[Tuples]

Introduction

Sunday, March 06, 2005

With the introduction of generics in Whidbey, we are relieved of writing our own type safe collection classes:

IList<Foo> foos = new List<Foo>();

What's less known is that, with some ground work, we can often skip the task of defining the element type for these type-safe collections as well:

ITuple<string, int> foo = new Tuple<string, int>("UeberFoo", 5);

In other words, we can create complex type-safe data structures in an ad-hoc fashion:

IList<ITuple<string, int>> foos = new List<ITuple<string, int>>();
foos.Add(new Tuple<string, int>("UeberFoo", 5));

Note that compatibility among type parameters does not imply compatibity of so constructed types: there is no covariance among generic containers. While Tuple derives from ITuple, the constructed list type is "of ITuple", and you can't assign a "list of Tuple" to the foos variable, even though you can add a Tuple object to the list. Don't worry.

Resources

The idea is inspired by a new part of the C++ standard library, which is also called tuples. Information is available on the web.

I have written a demo project which you can download.

Type Overview

Let's make sense of the types.

Basic Interfaces

Everyone here implements ITuple, which does nothing more than informing about the number of elements in the tuple.

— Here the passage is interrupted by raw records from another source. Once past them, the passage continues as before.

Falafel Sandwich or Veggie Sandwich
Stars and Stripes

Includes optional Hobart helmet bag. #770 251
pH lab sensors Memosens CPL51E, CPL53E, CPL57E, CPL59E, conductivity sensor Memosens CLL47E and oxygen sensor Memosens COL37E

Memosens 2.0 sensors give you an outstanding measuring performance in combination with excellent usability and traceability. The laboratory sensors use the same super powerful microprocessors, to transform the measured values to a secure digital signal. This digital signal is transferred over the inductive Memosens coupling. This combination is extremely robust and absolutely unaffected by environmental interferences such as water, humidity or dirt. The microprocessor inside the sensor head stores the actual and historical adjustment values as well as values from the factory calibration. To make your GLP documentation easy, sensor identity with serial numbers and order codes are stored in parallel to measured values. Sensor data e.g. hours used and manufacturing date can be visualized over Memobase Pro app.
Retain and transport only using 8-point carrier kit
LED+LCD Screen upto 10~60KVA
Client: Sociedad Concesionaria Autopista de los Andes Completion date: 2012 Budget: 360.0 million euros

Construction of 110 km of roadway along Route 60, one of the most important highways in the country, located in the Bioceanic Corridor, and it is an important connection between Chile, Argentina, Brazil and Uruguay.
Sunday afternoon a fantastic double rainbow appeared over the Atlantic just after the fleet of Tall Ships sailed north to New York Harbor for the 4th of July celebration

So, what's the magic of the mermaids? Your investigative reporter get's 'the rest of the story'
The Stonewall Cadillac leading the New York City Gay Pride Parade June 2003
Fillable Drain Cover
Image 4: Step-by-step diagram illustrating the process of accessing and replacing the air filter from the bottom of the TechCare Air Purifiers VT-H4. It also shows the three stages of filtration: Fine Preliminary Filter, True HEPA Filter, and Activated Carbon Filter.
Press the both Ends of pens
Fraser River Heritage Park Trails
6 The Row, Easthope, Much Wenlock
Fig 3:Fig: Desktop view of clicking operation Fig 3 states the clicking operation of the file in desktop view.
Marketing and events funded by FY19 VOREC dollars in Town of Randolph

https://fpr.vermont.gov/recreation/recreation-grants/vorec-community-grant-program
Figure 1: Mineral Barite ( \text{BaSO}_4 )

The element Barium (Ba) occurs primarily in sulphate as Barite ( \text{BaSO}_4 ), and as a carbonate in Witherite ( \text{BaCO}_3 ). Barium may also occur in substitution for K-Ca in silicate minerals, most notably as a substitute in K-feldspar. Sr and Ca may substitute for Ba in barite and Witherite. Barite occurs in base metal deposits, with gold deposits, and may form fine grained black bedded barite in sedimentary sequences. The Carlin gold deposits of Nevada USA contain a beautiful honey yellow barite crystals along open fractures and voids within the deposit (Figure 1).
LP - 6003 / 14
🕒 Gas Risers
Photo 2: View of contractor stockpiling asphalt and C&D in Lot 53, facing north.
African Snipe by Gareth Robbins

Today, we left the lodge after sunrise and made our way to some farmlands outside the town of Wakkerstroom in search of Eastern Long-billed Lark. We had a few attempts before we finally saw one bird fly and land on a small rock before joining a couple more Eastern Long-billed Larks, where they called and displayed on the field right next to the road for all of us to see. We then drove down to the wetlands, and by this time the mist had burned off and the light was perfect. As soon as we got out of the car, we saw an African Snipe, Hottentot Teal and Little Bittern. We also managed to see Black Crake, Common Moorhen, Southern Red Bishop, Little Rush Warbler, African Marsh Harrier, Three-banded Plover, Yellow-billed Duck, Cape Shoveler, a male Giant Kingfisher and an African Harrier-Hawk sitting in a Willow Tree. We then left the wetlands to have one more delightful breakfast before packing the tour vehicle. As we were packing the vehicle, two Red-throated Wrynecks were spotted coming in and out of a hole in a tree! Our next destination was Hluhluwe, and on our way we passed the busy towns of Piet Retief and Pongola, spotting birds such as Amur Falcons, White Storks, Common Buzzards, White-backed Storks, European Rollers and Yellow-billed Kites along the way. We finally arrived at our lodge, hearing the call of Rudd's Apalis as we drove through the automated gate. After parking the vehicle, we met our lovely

Then, there are the generic ITuple overloads, each introducing one more element, up to five elements. These inherit form each other, so the constructed types are compatible. These interfaces are implemented by the default tuple classes (see below), as well as any interested class (we'll see that, too).

Then, there are some helper interfaces which aren't so interesting from a generics point of view, but some are nevertheless implemented by the default tuple classes, because they are useful for dynamic processing. These are IRandomAccessTuple (allows accessing tuple elements by numeric index), IArrayAccessTuple (allows accessing all elements at once), and INamedAccessTuple (allows accessing elements by name). All of these operations involve boxing, however.

Default Implementations

These implement the five generic ITuple overloads, as well as the IRandomAccessTuple and IArrayAccessTuple helper interfaces. Access by name is not implemented here.

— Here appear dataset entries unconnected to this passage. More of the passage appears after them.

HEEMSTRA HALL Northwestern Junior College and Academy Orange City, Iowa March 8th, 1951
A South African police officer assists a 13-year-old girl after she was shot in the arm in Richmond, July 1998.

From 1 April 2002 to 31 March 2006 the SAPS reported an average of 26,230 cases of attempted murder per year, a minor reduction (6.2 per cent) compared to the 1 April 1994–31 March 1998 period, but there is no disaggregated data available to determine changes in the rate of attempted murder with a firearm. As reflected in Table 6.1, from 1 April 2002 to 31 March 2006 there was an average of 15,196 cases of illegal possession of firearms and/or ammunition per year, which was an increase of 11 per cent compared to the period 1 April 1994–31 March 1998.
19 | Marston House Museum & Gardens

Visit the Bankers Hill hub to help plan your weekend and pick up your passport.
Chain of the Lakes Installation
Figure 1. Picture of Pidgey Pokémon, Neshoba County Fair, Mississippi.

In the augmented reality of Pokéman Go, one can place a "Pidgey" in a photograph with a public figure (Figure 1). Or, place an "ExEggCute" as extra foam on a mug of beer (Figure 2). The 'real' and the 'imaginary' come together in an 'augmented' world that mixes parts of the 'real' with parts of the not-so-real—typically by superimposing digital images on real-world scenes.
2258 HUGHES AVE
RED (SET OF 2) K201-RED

Note that the implemenation of the helper interfaces could use less code, but the price would be even more boxing. But that's not our focus here.

With the default implementations, you can create ad-hoc objects having up to five read/write data members, all strongly typed. There is even a bit of OO-style polymorphism available:

ITuple<int, string> tuple = new Tuple<int, string, bool>(1, "One", true);
tuple.Value1 = 5;
tuple.Value2 = "Five";
Console.WriteLine(tuple.ElementCount);
Console.WriteLine(tuple);

// inspect the element types
foreach(Type tp in tuple.GetType().GetGenericArguments()){
    Console.WriteLine(tp);
}

Infrastructure methods, like ToString, Equals and GetHashCode are also implemented, but remember that these three methods use all data members, which might not be suitable in every case.

Sample Implementations

That would be the Person class. It implements the three-element ITuple overload (ITuple<T1, T2, T3>), as well as all helper interfaces.

public class Person : ITuple<string, string, DateTime>,
                      IRandomAccessTuple,
                      INamedAccessTuple,
                      IArrayAccessTuple {

    // ...

    #region "ITuple<T1, T2>"
    int ITuple.ElementCount {
        get{return 2;}
    }
    string ITuple<string>.Value1{
        get{return m_FirstName;}
        set{m_FirstName = value;}
    }
    string ITuple<string, string>.Value2{
        get{return m_LastName;}
        set{m_LastName = value;}
    }
    DateTime ITuple<string, string, DateTime>.Value3{
        get{return m_Born;}
        set{m_Born = value;}
    }
    #endregion

} // class Person 

Lest you thing I'm trying to show you C# property syntax, the interesting thing is how to explicitly implement a generic interface in a closed constructed type.

A Person object can be used with any code that uses the tuple interfaces, especially the utilities that follow.

Utilities

The utilities deal with processing tuples in collections. For now, I have implemented filtering and sorting.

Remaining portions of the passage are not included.